Sharp patterns of positive solutions for some weighted semilinear elliptic problems

This paper deals with the semilinear elliptic problem $$\begin{aligned} {\left\{ \begin{array}{ll} -\Delta u = \lambda m(x)u-[a(x)+\varepsilon b(x)]u^p &{}\text { in } \Omega ,\\ Bu=0 &{}\text { on } \partial \Omega , \end{array}\right. } \end{aligned}$$ where $$p>1$$ , $$\lambda >0$$ , $$m,a,b\in C({\bar{\Omega }})$$ , with $$a \gneq 0$$ , $$b\gneq 0$$ , $$\Omega $$ is a bounded $$C^{2}$$ domain of $${\mathbb {R}}^N$$ ( $$N\ge 1$$ ), B is a general classical mixed boundary operator, and $$\varepsilon \ge 0$$ . Thus, a(x) and b(x) can vanish on some subdomain of $$\Omega $$ and the weight function m(x) can change sign in $$\Omega $$ . Through this paper we are always considering classical solutions.
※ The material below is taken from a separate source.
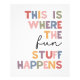 Hier finden die lustigen Dinge statt Print, inspirierende Spielzimmer druckbare Kunst, Klassenzimmer Dekoration, Kinder Raum Wand Art

First, we characterize the existence of positive solutions of this problem in the special case when $$\varepsilon =0$$ . Then, we investigate the sharp patterns of the positive solutions when $$\varepsilon \downarrow 0$$ and $$\varepsilon \uparrow \infty $$ . Our study reveals how the existence of sharp profiles is determined by the behavior of b(x).